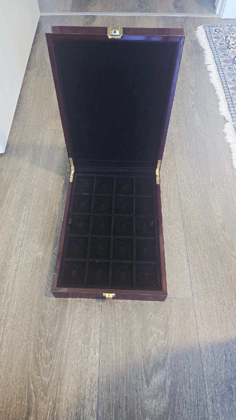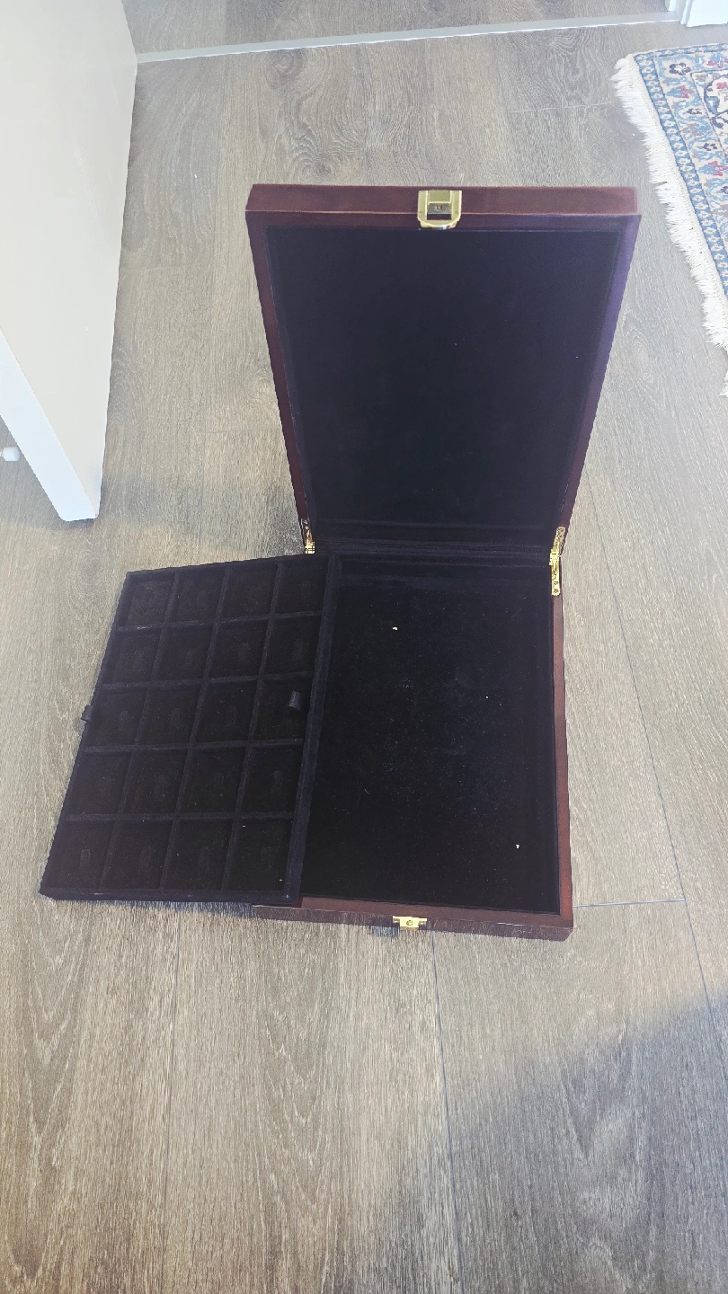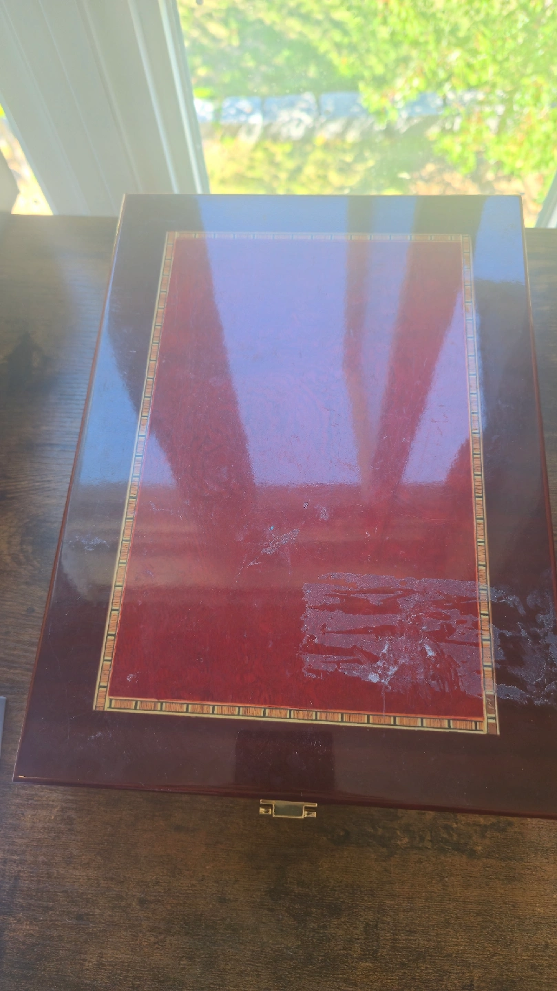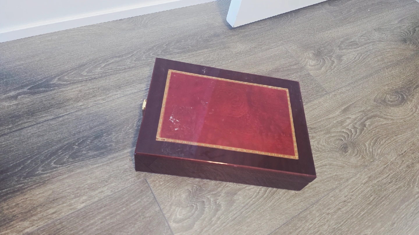 Selling a wooden jewelry box. It's in good condition and has a dark brown finish with a red accent on the lid. The inside is lined with black velvet, perfect for storing your precious jewelry! There’s a sticky mark on the lid that you can wipe off.
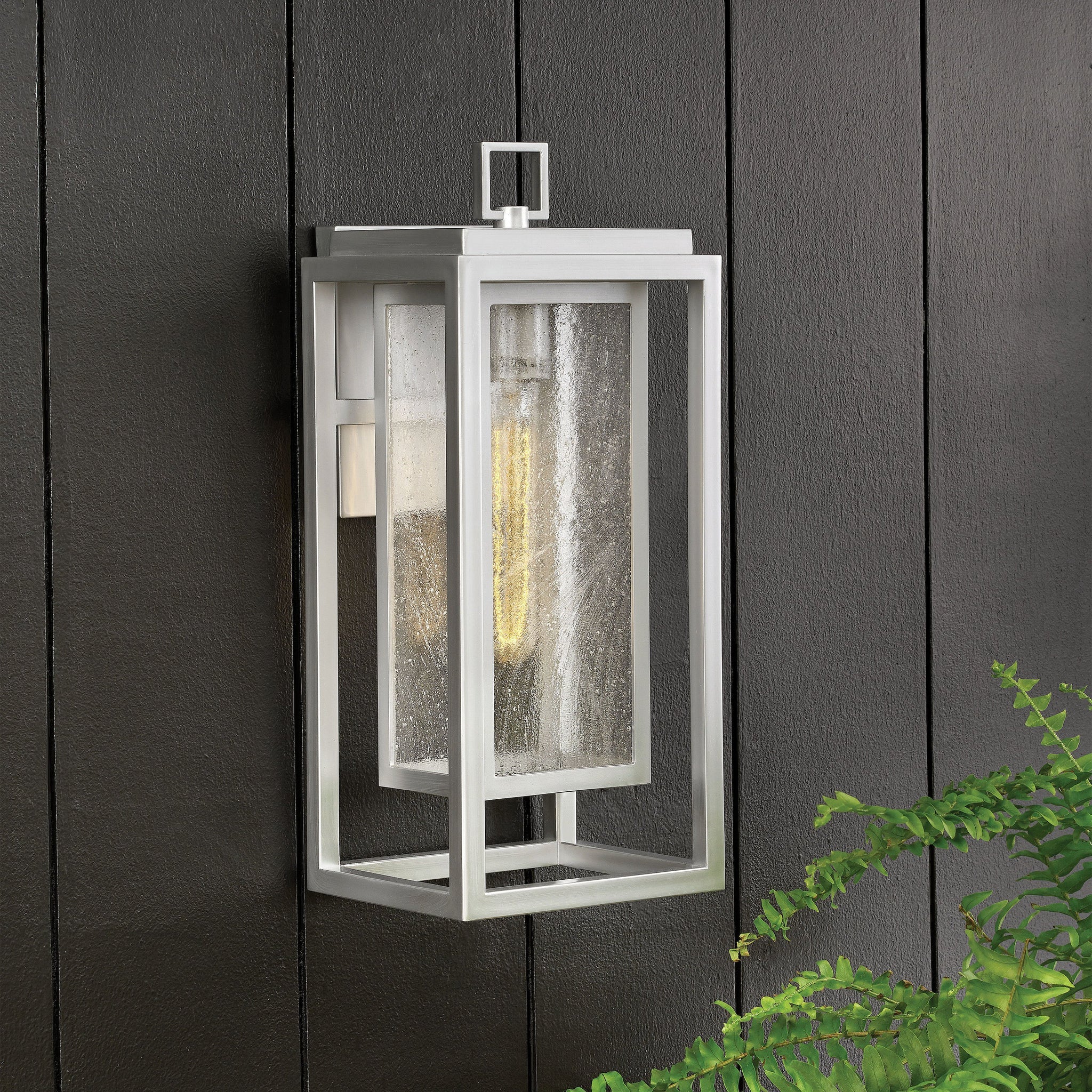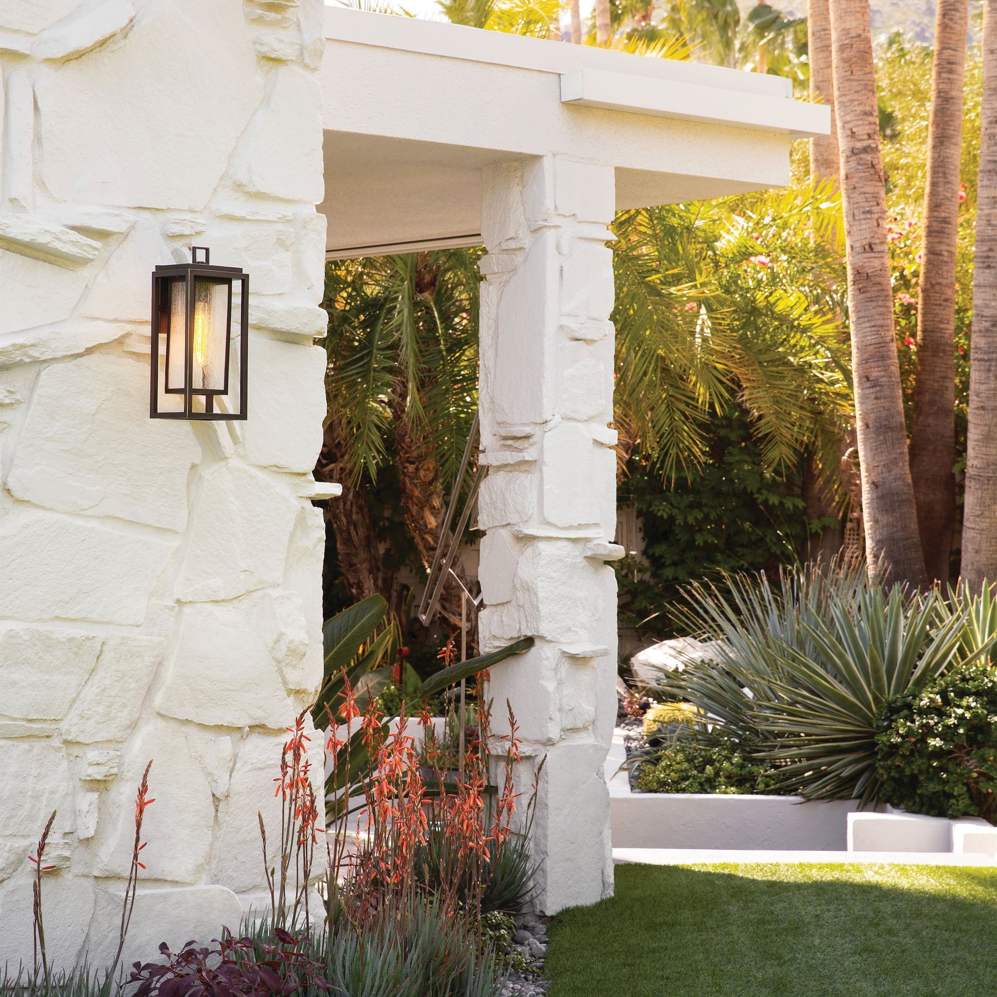 Republic Outdoor Wall Light’s striking double frame design, constructed from a composite material and treated with an anti-fading agent for maximum durability, is at home on the coast or a country lodge. The Oil Rubbed Bronze, Satin Nickel and Black resilience finishes feature a 5-year warranty and are resistant to rust and corrosion. Vintage filament bulbs are recommended to complete a stylish look.
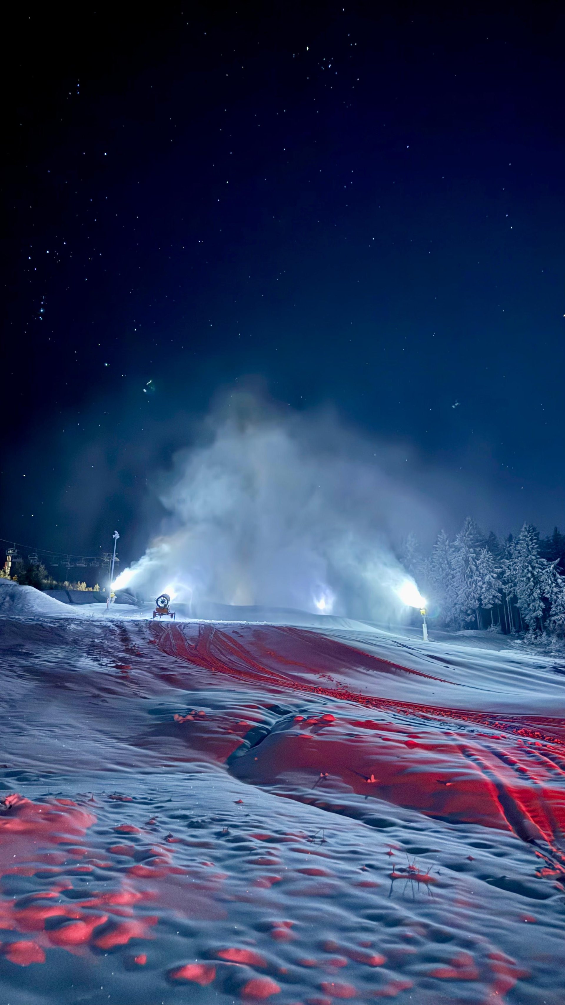 Caption: With temperatures remaining below freezing, the nights were also used for snowmaking. Photo: Marcus König
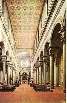 After the Florentine victory over the Milanese in 1397 during the second Milan war on the feast day of Saint Augustine (28 August), the signoria decided to rebuild the church to honor the saint, placing it under the patronage of the city. Despite this decision, nothing much happened until 1434, when the operai retained the services of Filippo Brunelleschi. Work on the new church progressed slowly until March 1471. During the Descend of the Holy Spirit sacra rappresentazione organized by the laudese in honor of the visit of Galeazzo Maria Sforza the old church caught fire and was heavily damaged, together with parts of the convent.[1][4][13]

--

# Work to be completed:
The task requires restating verbatim the lines from the one that holds "Republic Outdoor Wall" through the end of the listing, both ends counted, and no pictures.

# Exercise answer:
 Republic Outdoor Wall Light’s striking double frame design, constructed from a composite material and treated with an anti-fading agent for maximum durability, is at home on the coast or a country lodge. The Oil Rubbed Bronze, Satin Nickel and Black resilience finishes feature a 5-year warranty and are resistant to rust and corrosion. Vintage filament bulbs are recommended to complete a stylish look.
 Caption: With temperatures remaining below freezing, the nights were also used for snowmaking. Photo: Marcus König
 After the Florentine victory over the Milanese in 1397 during the second Milan war on the feast day of Saint Augustine (28 August), the signoria decided to rebuild the church to honor the saint, placing it under the patronage of the city. Despite this decision, nothing much happened until 1434, when the operai retained the services of Filippo Brunelleschi. Work on the new church progressed slowly until March 1471. During the Descend of the Holy Spirit sacra rappresentazione organized by the laudese in honor of the visit of Galeazzo Maria Sforza the old church caught fire and was heavily damaged, together with parts of the convent.[1][4][13]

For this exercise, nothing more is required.